_Data provided:_

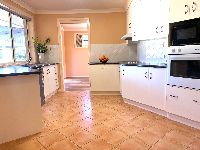 -An open-plan kitchen with a side bench, ideal for meal preparation.
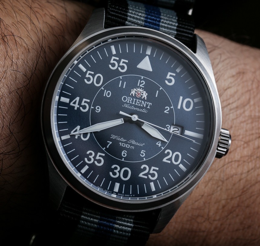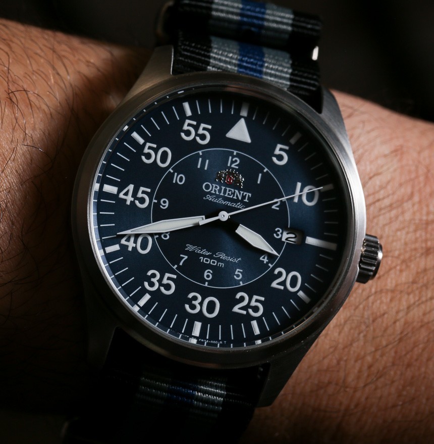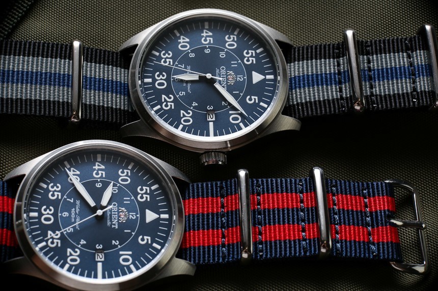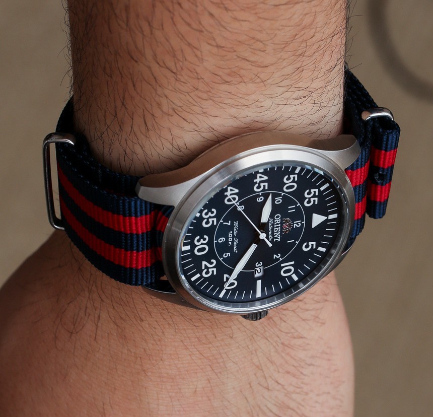 在混合藍色或藍紅 NATO 表帶上,我認為 Orient Flight 比在棕色表帶上更生動。如果您想要更樸素的外觀,我建議您選擇黑色表殼和黑色表帶表盤的 Flight(參考號 FER2A001B0)。選擇藍色表盤的版本時,您顯然希望佩戴一款具有個性的手表。如果那是您的目標,那么換掉表帶是一個有趣的主意——當然不僅僅是為了這款手表。
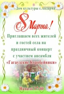 «Ежегодно, к Международному женскому дню 8 марта мы проводим праздничные концерты. В этом году, для того чтобы порадовать всех жителей села Авдарма, и в особенности женщин, мы пригласили творческий коллектив народной музыки «Гагаузские коробейники», — сказал Николай Тумба.
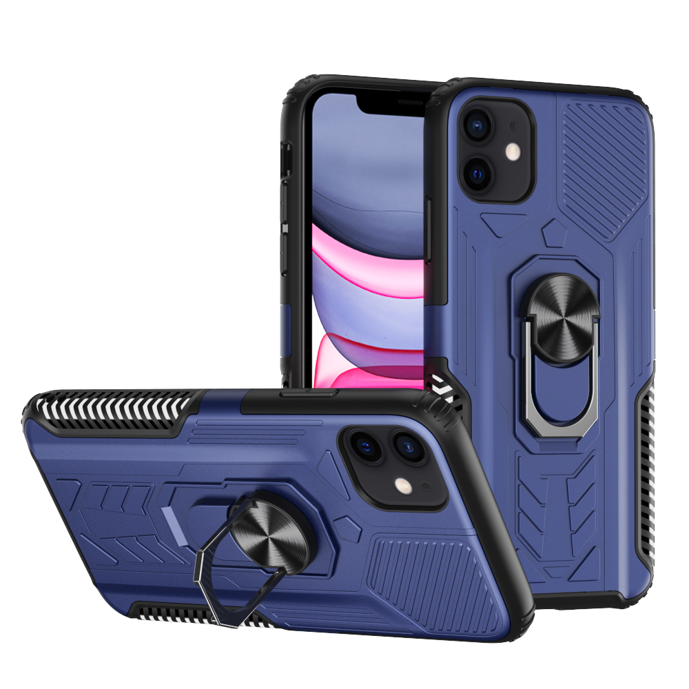 For Apple iPhone 11 (XI6.1) AQUA Strong Magnetic Ring Stand Hybrid Case Cover - Dark Blue
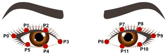The geometry of face/eye measurements based on the coordinates of detected eye landmarks are determined to develop this model. Thus, the eye specifications (shape, setting, position) are obtained. First, the face region is detected, and the landmarks of the eye region are localised using the methods presented in our face shape classification system [44,45,46]. We further customised the landmark predictor to return just the locations of the eyes using dlib library. Only six landmarks per eye—12 in two eyes—are taken into consideration for predicting eye attributes, as shown in Figure 7. Given 12 eye landmark points where , the eye specifications can be calculated using geometrical eye measurements as follows:
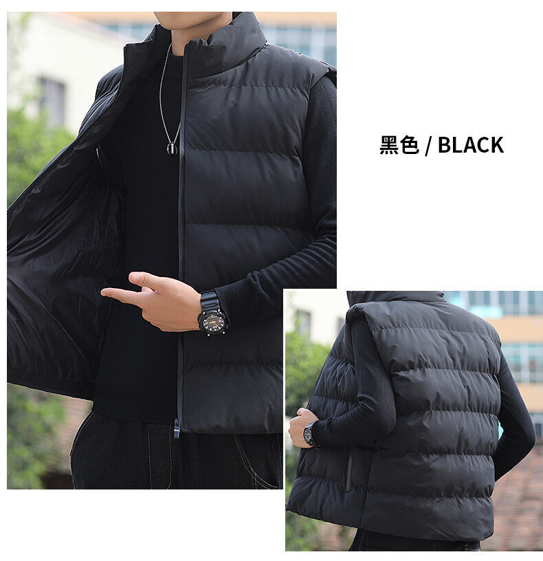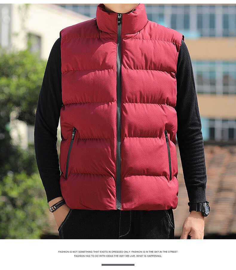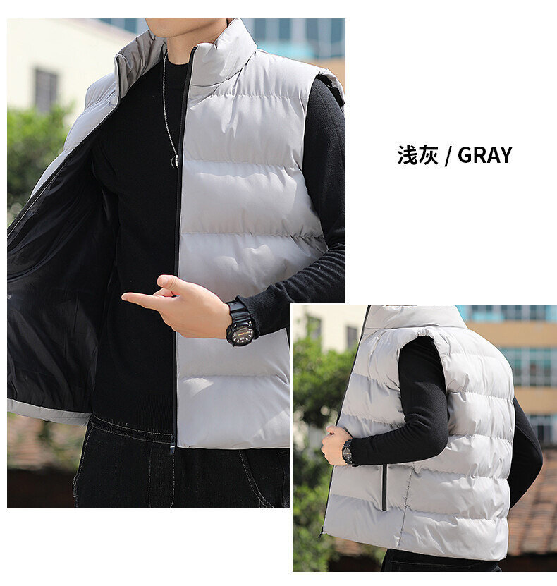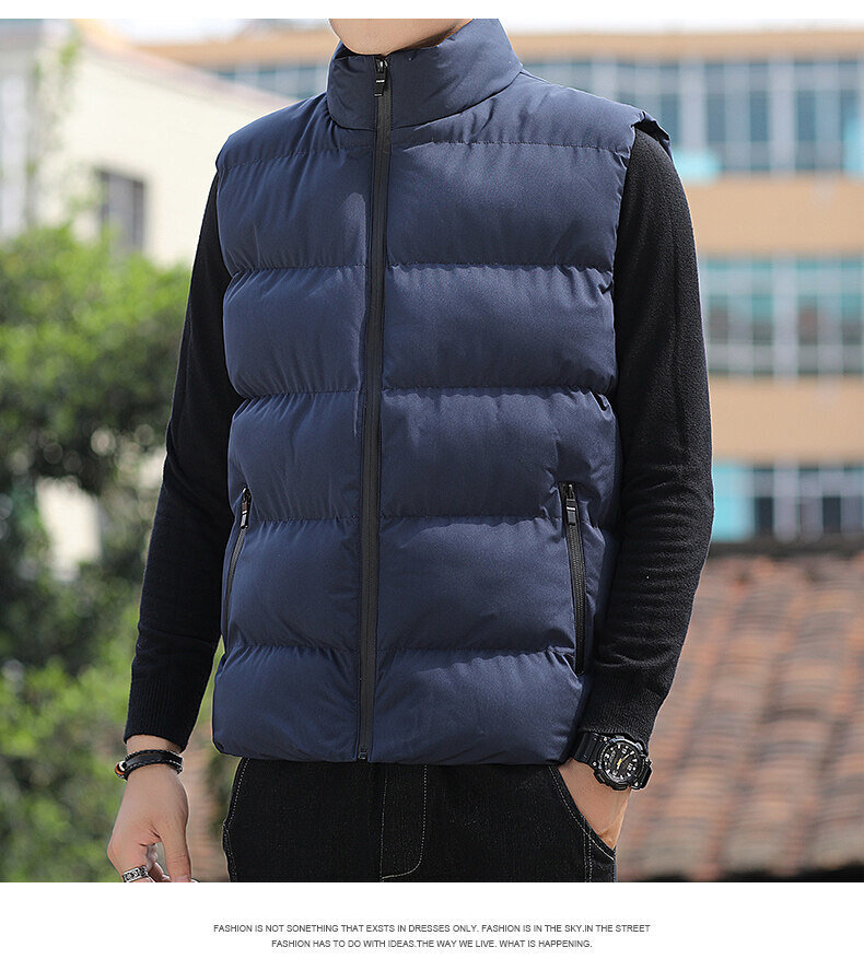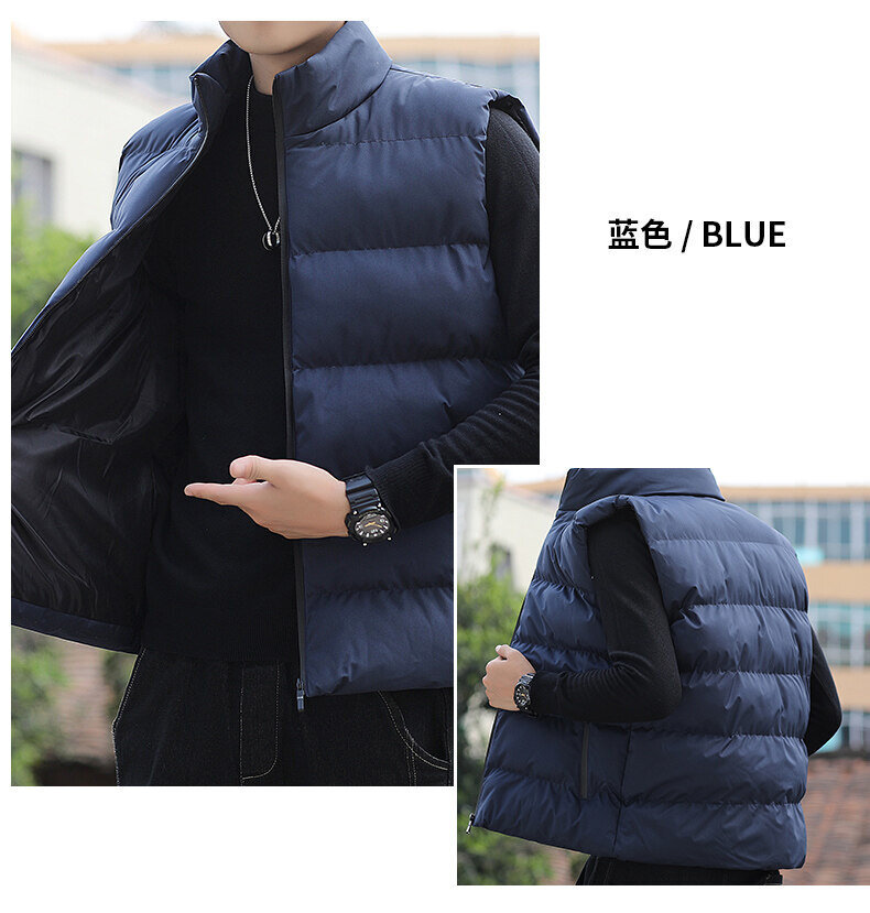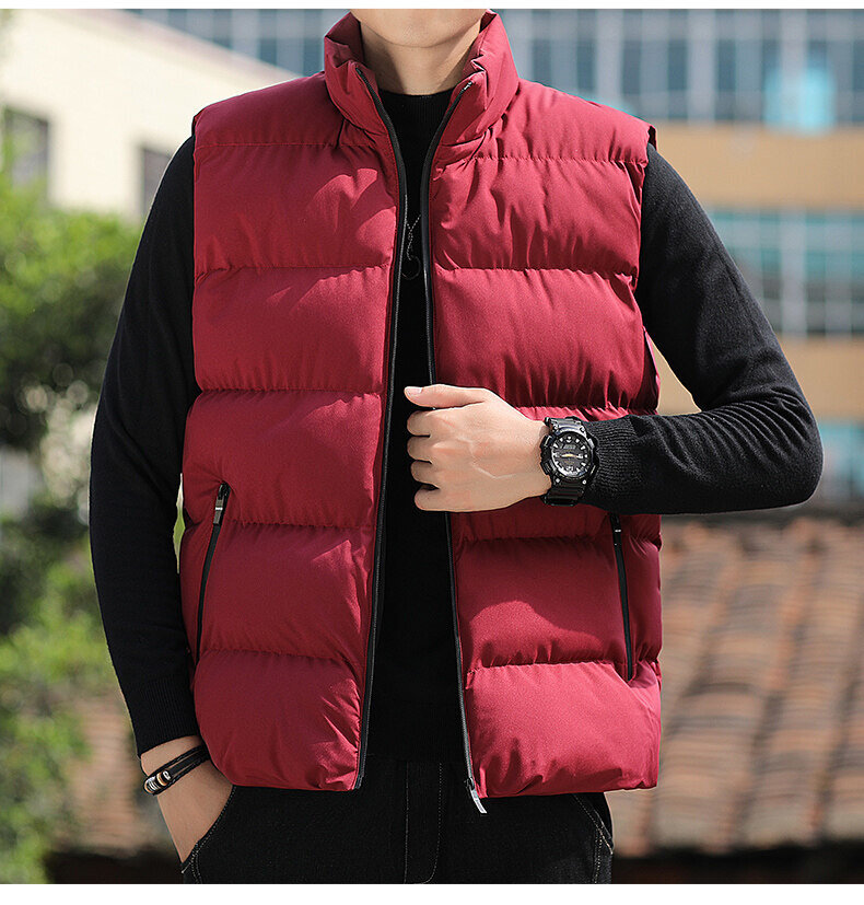 대외 무역 가을, 겨울 대형 스탠드 칼라 조끼 남성용 경량 따뜻한 민소매 면화 의류 남성용 양복 조끼 조끼스토어 가기
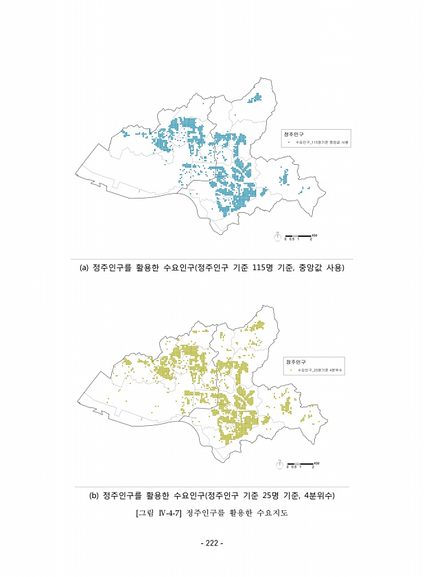 a 정주인구를 활용한 수요인구 정주인구 기준 115명 기준, 중앙값 사용 b 정주인구를 활용한 수요인구 정주인구 기준 25명 기준, 4분위수 [그림 Ⅳ-4-7] 정주인구를 활용한 수요지도 222
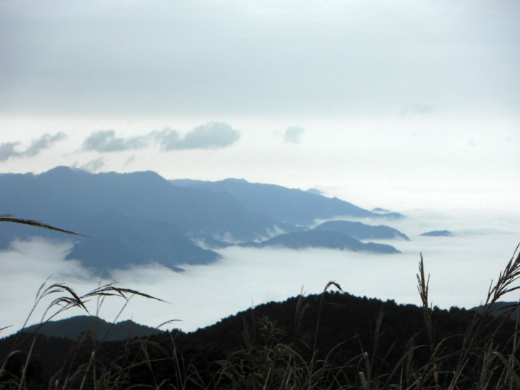 1323登頂麟趾山(H2805m,記載標高2854m)。前峰若隱若現,玉山避不見客。東埔山方向的山谷裡,出現漂亮的雲海,整個山頂四周,充滿迥異的風光,寒風中,有景如此,又是一鎮記憶體的消耗,反而沒有冷的感覺。
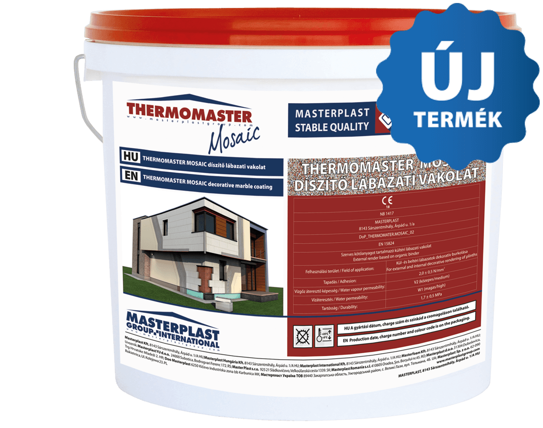 A homlokzat egyedi színezésére szolgáló vakolatok között megkülönböztetünk kapart és gördülőszemcsés típusokat, 1,5 és 2mm szemcsenagysággal.
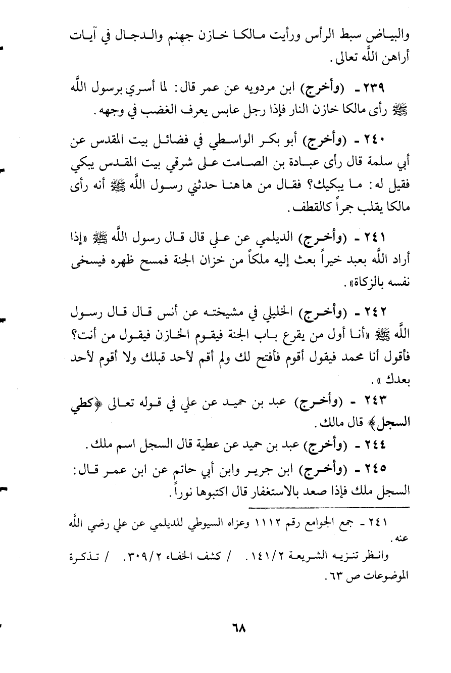 وأخرج أبو بكر الواسطى في فضائل بيت المقدس عن أبى سلمة قال: رئى عبادة بن الصامت على شرقى بيت المقدس يبكى فقيل له: ما يبكيك؟ فقال: من ههنا حدثني رسول الله صلى الله عليه وسلم: أنه رأى مالكا يقلب جمرا كالقطف.
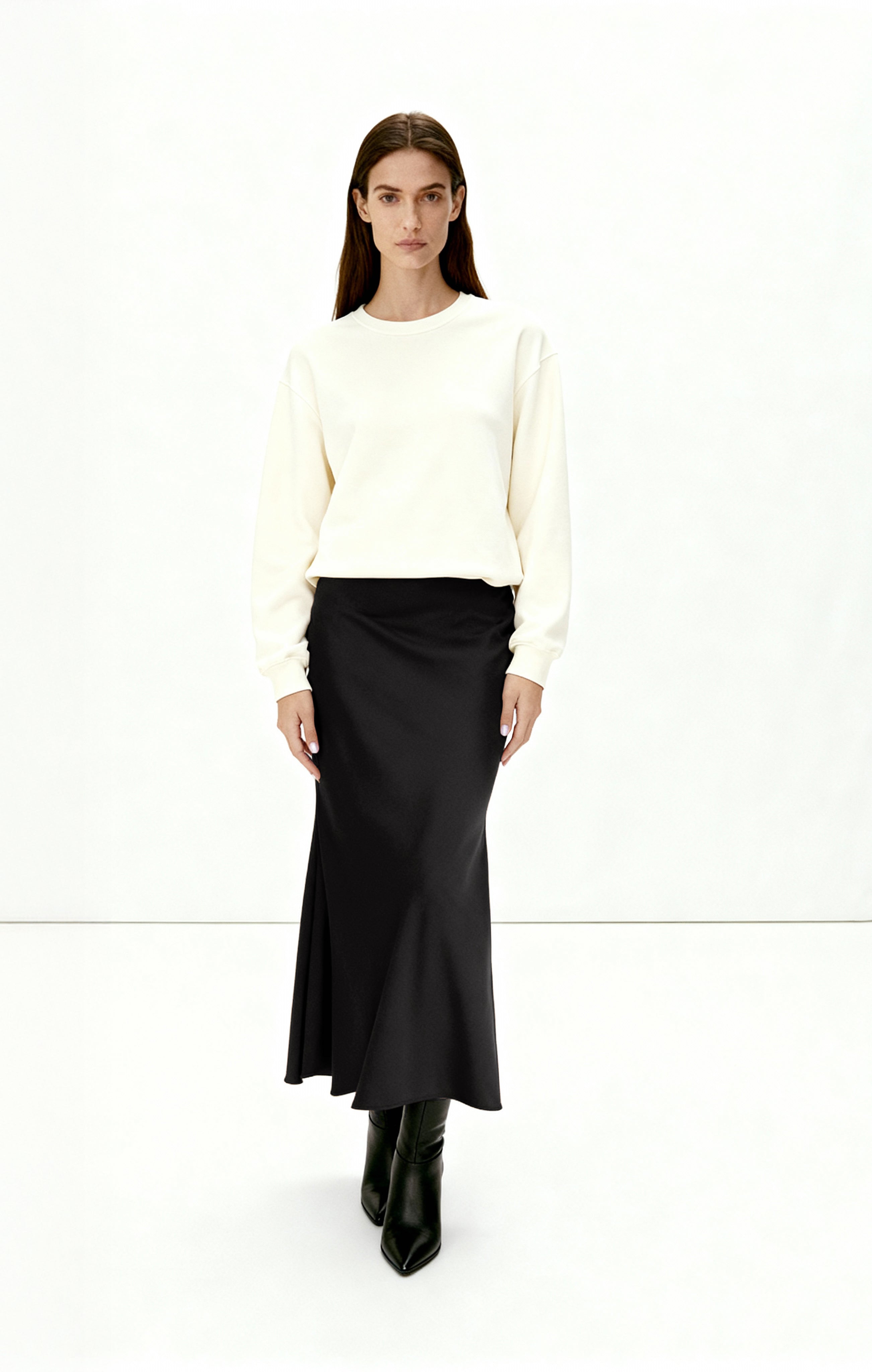 A timeless wardrobe staple, this bias-cut skirt is crafted from our signature butter satin for a fluid drape and subtle sheen. Designed with a concealed elastic waistband for a smooth, comfortable fit, it skims the body with effortless elegance.
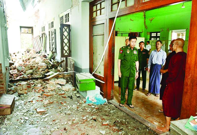 မြန်မာနိုင်ငံတွင် လှုပ်ခတ်ခဲ့သော မန္တလေးငလျင်ကြီးကြောင့် လမ်းတံတား၊ အဆောက်အအုံများ ထိခိုက်ပျက်စီးခဲ့ရသည့် နေရာများ၌ ကူညီကယ်ဆယ်ရေးနှင့် ပြန်လည်ထူထောင်ရေးလုပ်ငန်းများကို တိုင်းစစ်ဌာနချုပ်အသီးသီးမှ တပ်မတော်သားများ၊ မြန်မာနိုင်ငံရဲတပ်ဖွဲ့ဝင်များ၊ မီးသတ်တပ်ဖွဲ့ဝင်များ၊ ပြည်ပနိုင်ငံများမှ ကူညီကယ်ဆယ်ရေးအဖွဲ့များ၊ ဌာနဆိုင်ရာဝန်ထမ်းများ၊ လူမှုကူညီရေးအသင်း/အဖွဲ့များနှင့် ဒေသခံပြည်သူများပူးပေါင်း၍ အချိန်နှင့်တစ်ပြေးညီ ကူညီဆောင်ရွက်ပေးလျက်ရှိသည်။
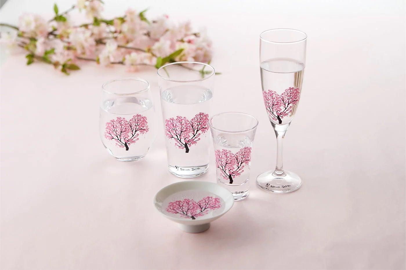 17℃以下の冷たい飲み物を入れると桜が花開くように色が広がる器のシリーズ。シャンパングラスやタンブラーなどサイズ・形状の異なるガラス製品4種と美濃焼の盃の全5種をラインナップ。
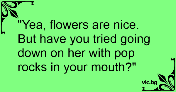 "Yea, flowers are nice. But have you tried going down on her with pop rocks in your mouth?"

_Task instructions:_ Skip every picture and return the lines above from the top through the one that contains "在混合藍色或藍紅 NATO 表帶上,我認為".

_Output of the exercise:_
 -An open-plan kitchen with a side bench, ideal for meal preparation.
 在混合藍色或藍紅 NATO 表帶上,我認為 Orient Flight 比在棕色表帶上更生動。如果您想要更樸素的外觀,我建議您選擇黑色表殼和黑色表帶表盤的 Flight(參考號 FER2A001B0)。選擇藍色表盤的版本時,您顯然希望佩戴一款具有個性的手表。如果那是您的目標,那么換掉表帶是一個有趣的主意——當然不僅僅是為了這款手表。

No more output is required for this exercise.